Dresden Frauenkirche

Role
  
Architect


Died
  
March 16, 1738, Dresden, Germany

George Bahr (15 March 1666 – 16 March 1738) was a German architect.

Life

George Bahr was born into a poor family of in Furstenwalde (now a part of Geising, Saxony), the son of a weaver. The village priest, however, helped pay for his education, and Bahr was able to become a carpenter’s apprentice in Lauenstein, Saxony.

In 1690, Bahr went to Dresden to start work as a carpenter. His dream was to go to Italy and see the famous buildings there, so in his spare time he studied mechanics, calling himself both an artist and a mechanic, and designing not only castles and palaces but also sketches of organs.

In 1705, aged 39, Bahr was named Dresden’s City Master Carpenter, although he did not even have a master carpenter’s certificate. One of Bahr’s main goals was to modernise the city’s churches. He believed that the existing buildings did no justice to Protestant church services in particular.

His first building was the parish church in the Loschwitz area of Dresden, a building in the shape of a stretched-out octagon, completed in 1708.

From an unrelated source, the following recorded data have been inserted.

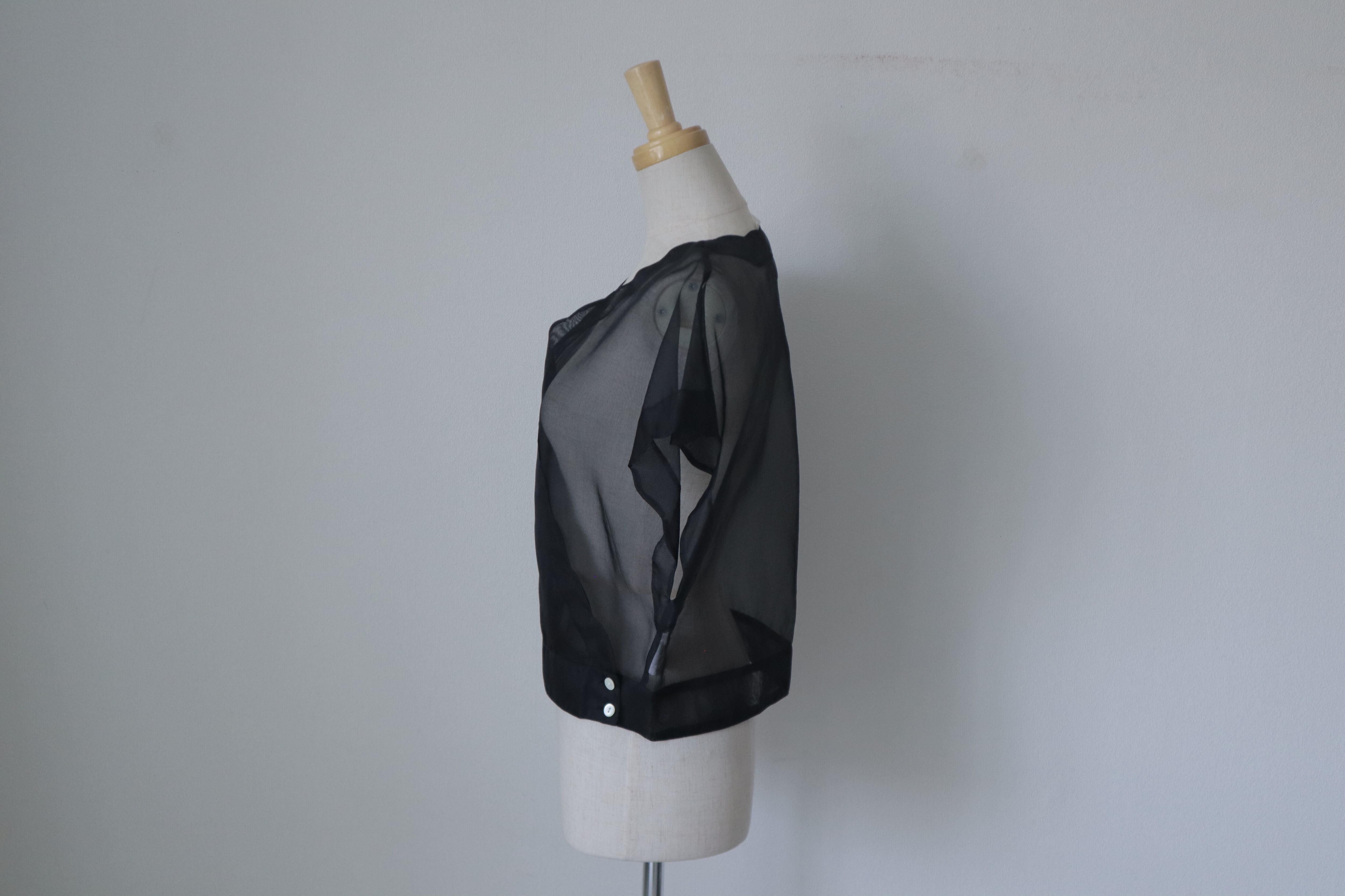 軽やかなシルクオーガンジー素材で作られたカシュクールブラウスです。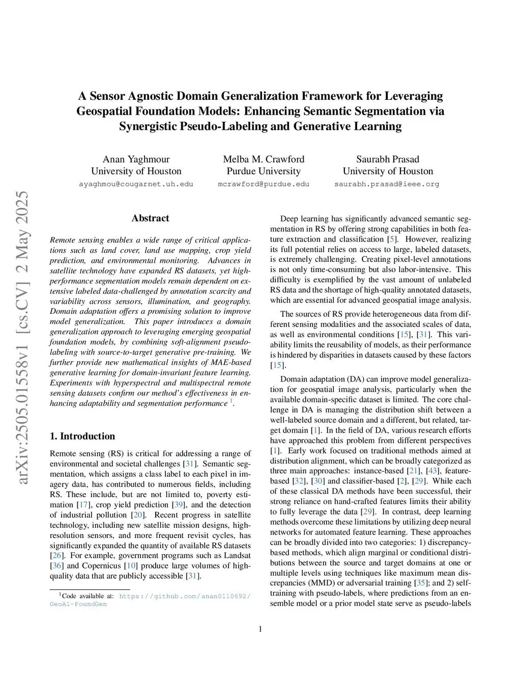 Remote sensing enables a wide range of critical applications such as land cover and land use mapping, crop yield prediction, and environmental monitoring. Advances in satellite technology have expanded remote sensing datasets, yet high-performance segmentation models remain dependent on extensive labeled data, challenged by annotation scarcity and variability across sensors, illumination, and geography. Domain adaptation offers a promising solution to improve model generalization. This paper introduces a domain generalization approach to leveraging emerging geospatial foundation models by combining soft-alignment pseudo-labeling with source-to-target generative pre-training. We further provide new mathematical insights into MAE-based generative learning for domain-invariant feature learning. Experiments with hyperspectral and multispectral remote sensing datasets confirm our method's effectiveness in enhancing adaptability and segmentation.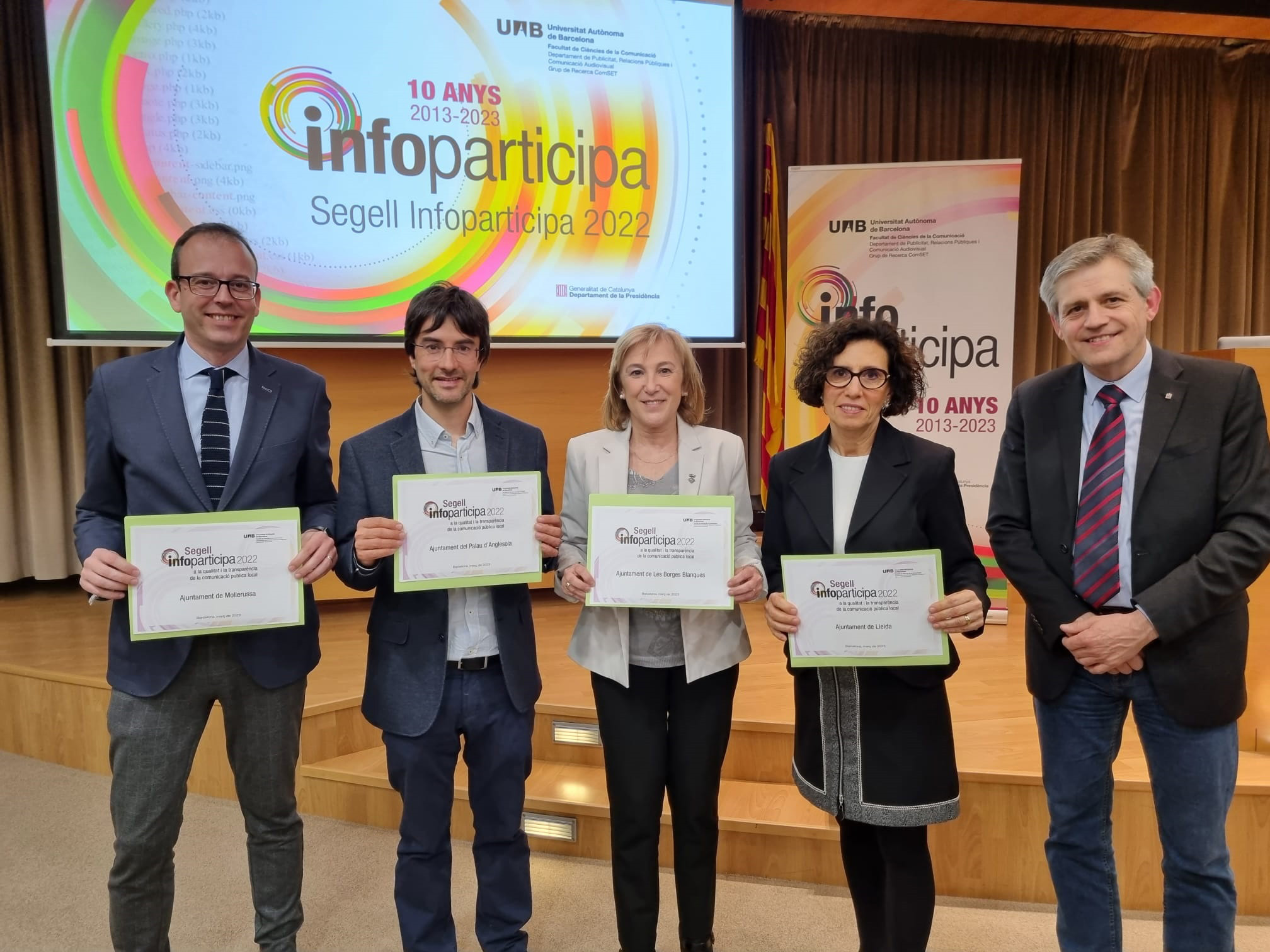 El lliurament del Segell Infoparticipa 2022 es fa aquesta tarda, a les 17 h, a la sala d’actes del Rectorat de la UAB. Aquesta edició celebra els 10 anys d’aquest guardó per als ajuntaments i és el 8è per a consells comarcals i el 7è per a diputacions.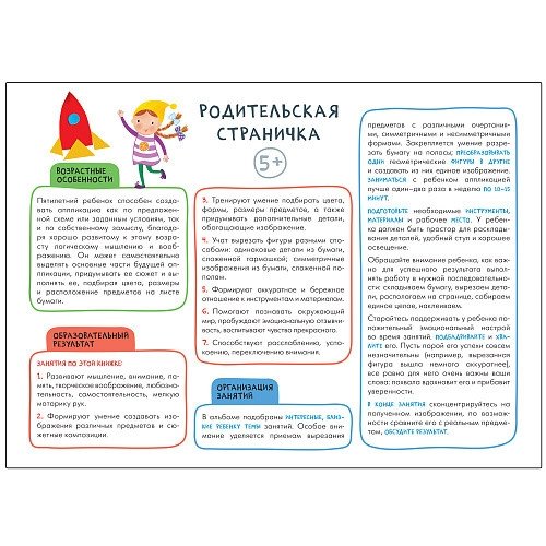 Книга «Аппликация 5+» из серии «Школа Семи Гномов. Мастерская» — это красочный альбом для занятий аппликацией с ребенком от 5 до 6 лет. Занятия на близкие и понятные ребенку темы расположены по мере усложнения: поступательно переходя от освоения простых навыков к более сложным заданиям, ребенок научится создавать аппликацию с помощью бумаги и клея.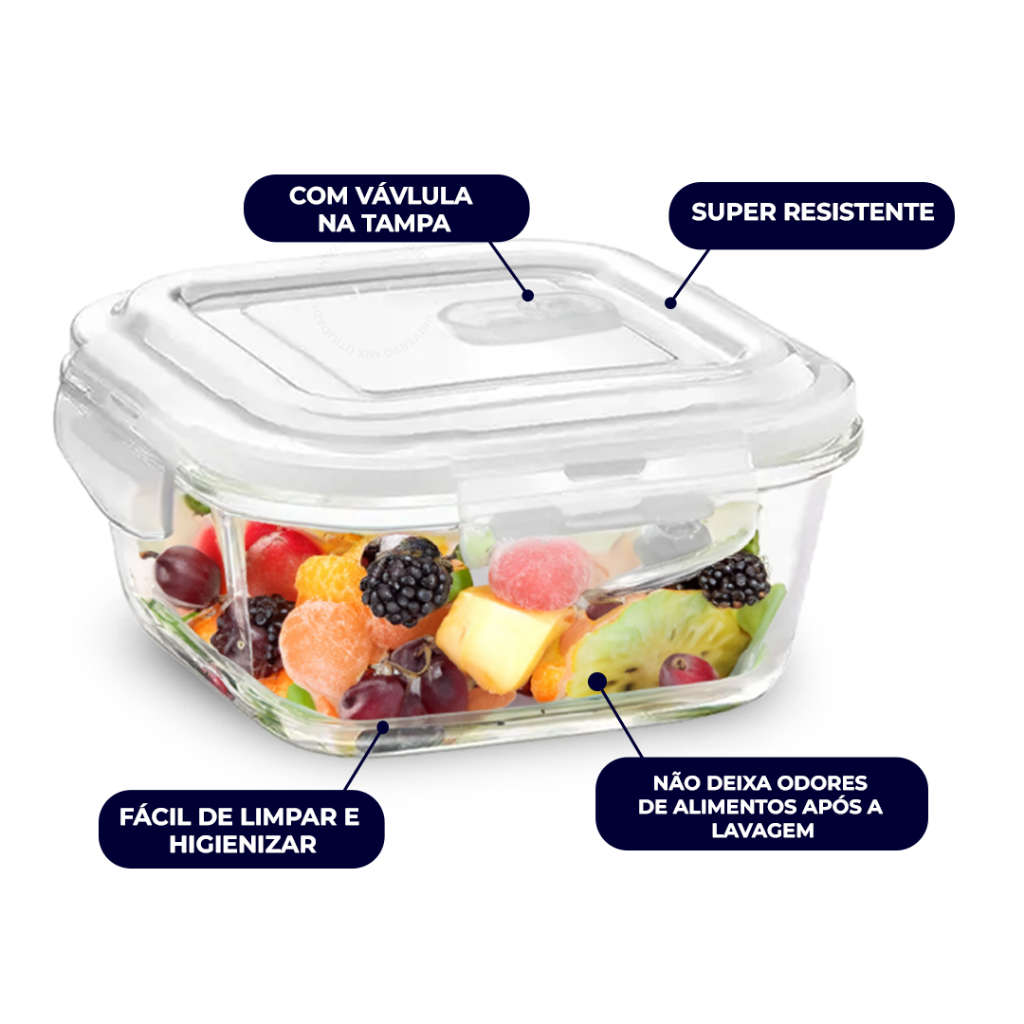 | Kit 10 OU 5 Pote de Vidro Hermético Retangular 4 Travas Marmita Fit... | R$ 45,90 | 43% | 4.8/5 | 5.5 mil |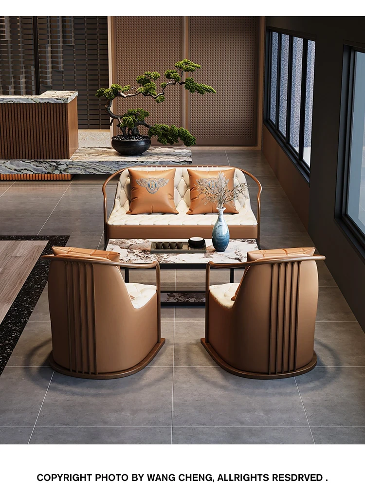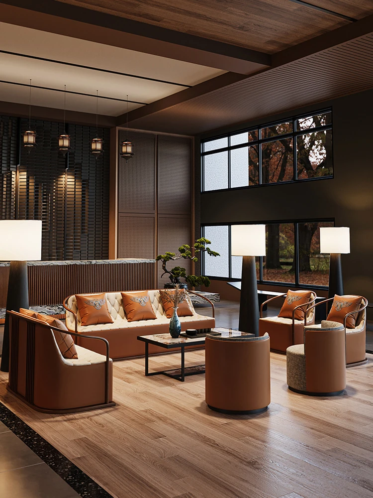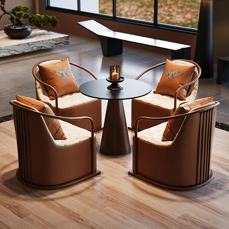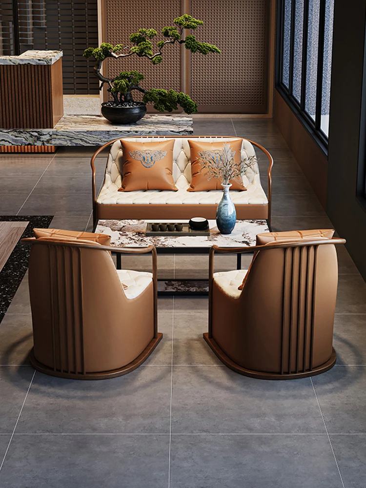 Elegant New Chinese Style Conference Table and Chair Set for Luxurious Hotel Lobbies and Clubs - Perfect for Reception Areas with One Table and Four Chairs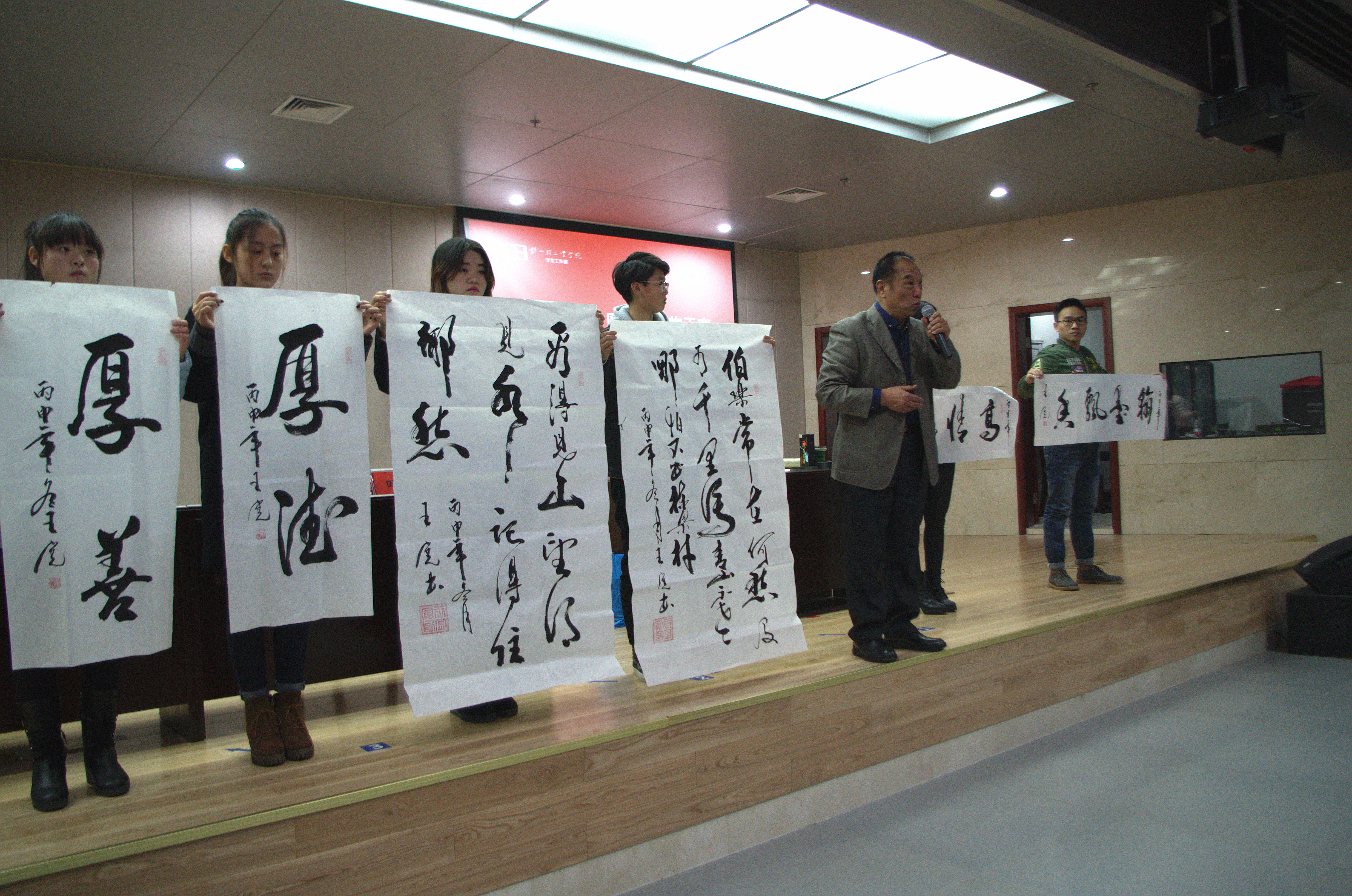 王宽及其家人以真挚的情感、朴实的语言与我校大学生分享了他们感人的心路历程。近20年来,豫剧“名角”王宽穿梭于大大小小的茶楼“卖唱”,将收养的6个孤儿养大成人,并向社会慈善事业捐款逾百万元。他们用实际行动谱写了大爱无言、大德无疆的事迹,感染了在场师生,赢得了热烈掌声。报告会最后,王宽老师留下了“厚善”、“厚德”等六幅墨宝,其外孙王海龙的一曲《让梦飞翔》更是将活动推向高潮。王宽及其家人以高尚的品德,朴实的付出,践行了习近平总书记弘扬真善美,传播正能量的指示精神,温暖了人心,感动了中国,为全社会树立了榜样,在第一届全国文明家庭表彰该大会上受到习近平总书记接见。我校师生也表达了对王宽及其家人默默无闻做奉献、持之以恒献爱心的深深崇敬与祝福。

The Dresden Waisenhauskirche (Orphanage Church) was built around 1710, followed by the Dreifaltigkeitskirche (Trinity Church) in Schmiedeberg, in the Ore Mountains, 1713-1716. Between 1719 and 1726 the church in Forchheim was built, as well as more in Konigstein, Hohnstein and Kesselsdorf (all in Saxony) and a considerable amount of housing in Dresden.

But Bahr is most famous for designing the Frauenkirche in Dresden. He was given the task in 1722; in 1726, the design was approved and work began. From 1730, Bahr became the first in Germany to go by the title of “Architect”.

Whilst working on the Frauenkirche, Bahr also oversaw the building of the Dreikonigskirche (Church of the Three Kings) in Dresden’s Neustadt area – the church had however been designed by Matthaus Daniel Poppelmann.

George Bahr did not live to see the Frauenkirche completed – he died in Dresden, aged 72, and was buried in the church’s vaults. In 2004, a memorial was built to him in the castle at Lauenstein, where he learned his trade.